Hodges' sound gets full due in this biography, as it should. Hodges was a great player at any tempo, but at slow tempos, he was able to shape sound in a way that no one else ever has. Chapman makes an interesting conjecture that the Ellington band was able to avoid having to hire a vocalist for many years because the song-like playing of Hodges fulfilled the emotional space that would have been taken up by a singer.
Hodges' main competitor for primacy on alto sax was Benny Carter. One can say that their sound was in the same "family," although very different. In the late 1920's through the 1940's, most alto sax players (and some tenor sax players) modeled their playing after one of those guys—or possibly saxophonist Willie Smith. In all three cases, sound-tone was the most important element. A clear marker in jazz occurred when the influence of these players diminished, almost disappeared in fact, under the onslaught of Charlie Parker, who was less about a "pure" sound than about notes, harmony and velocity. Parker's influence built during the course of the 1940's, until, by 1950, he had become "The Man."
John Coltrane spent half a year playing in a Hodges band in 1952, which allows Chapman to spend some time on how Trane wrestled with his own sound. He notes sweet tooth problems that impacted Coltrane's embouchure (Butter Rum Life Savers were the main culprit) and quotes Hodges saying that Trane was "having his teeth fixed all the time" and that Coltrane "came to fear the drill so much that it sometimes took two or more assistants to hold him in the [dentist's] chair."
I think most jazz people would find this and a number of other incidents and stories in the book fascinating. One such story concerns jukeboxes, which proliferated in the mid-1930's. Ellington had been recording for the Brunswick label, which charged $0.75 per disc. Competing labels charged only $0.35 retail and $0.19 wholesale. This priced Ellington's music out of the market. Helen Oakley, a major if unknown force in jazz at this time, was hired by Ellington at the suggestion of his manager Irving Mills to put together sessions featuring sub-groups from the Ellington band to record for the lower-priced Varsity Record label.
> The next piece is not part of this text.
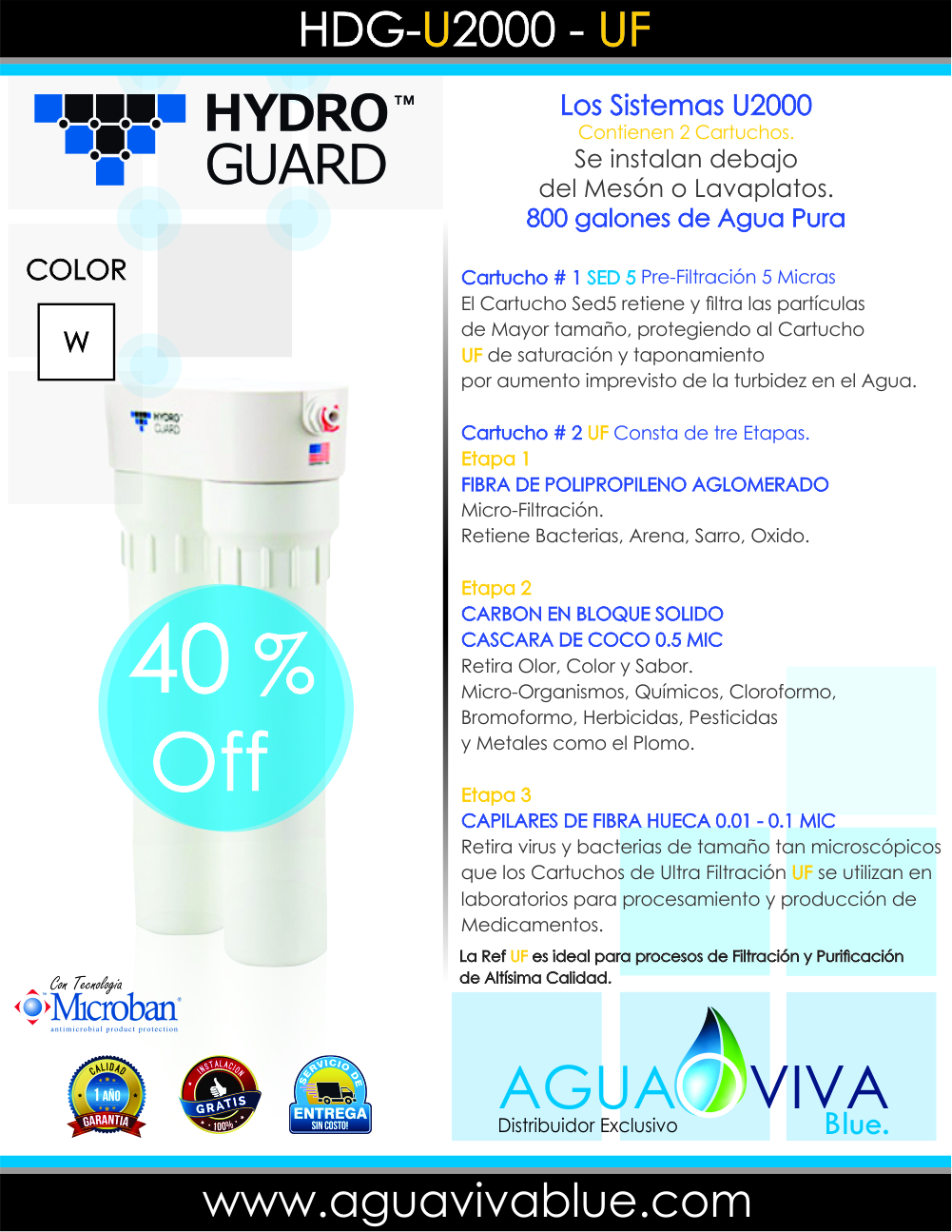 Hydro Guard™ U2000-UF Incorpora dos cartuchos. Un Primer cartucho de Filtración y protección que retiene partículas hasta de 5 micras, que impide que el segundo cartucho de Purificación se ensucie fácilmente. El Hydro Guard U2000-UF Incorpora un cartucho de filtración de agua de tres pasos.

These recordings made Ellington's musicians a force in the jukebox trade and were also an aesthetic success.

A similarly interesting story is told about the effect of the imposition of the Cabaret Tax in 1944. This tax was levied on any NYC venue that served food, drink and that allowed dancing. It was a 30% tax, which was then lowered to 20%—still significant. This tax was obviously an incentive for venues to hire music only for listening, not dancing and this, in turn, paved the way for bebop music. One didn't find any dancing joints on 52nd St.

There are times when I got frustrated by Chapman's idiosyncratic approach to chronology and a lack of dates being attached to certain events. Also, there is no discography and no index. However, I'm working off an advance copy and those elements may appear in the final version of the book.
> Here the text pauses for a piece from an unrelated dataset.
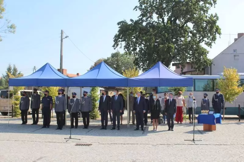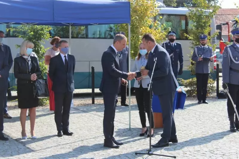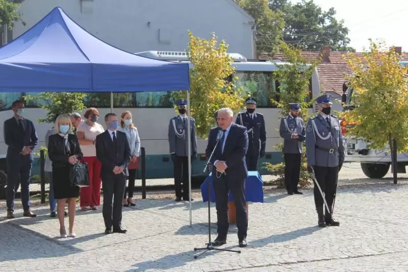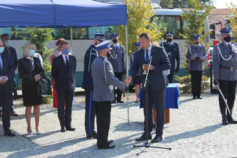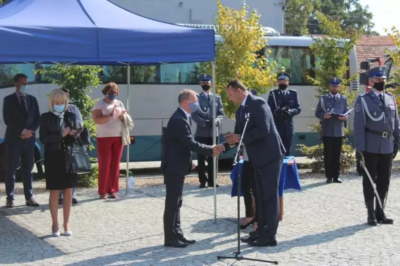 Symboliczny klucz na ręce kierownika Posterunku Policji w Udaninie Marka Bednarza wręczyli poseł na sejm RP Paweł Hreniak, komendant wojewódzki policji we Wrocławiu insp. Dariusz Wesołowski, wicewojewoda dolnośląski Bogusław Szpytma oraz wójt gminy Udanin Wojciech Płaziuk.

As I said at the top of the review, Hodges was a man of relatively few words and many of those seemed contradictory. So, like a painter whose subject refuses to sit for long, Chapman is forced to limn Hodges' personality in relatively few lines, using dark and shadow to try and bring out hidden emotional corners. However, Hodges' music is what chiefly concerns us and although lacking a few "why's," Chapman does a thorough job of the "who's," "what's" and "where's."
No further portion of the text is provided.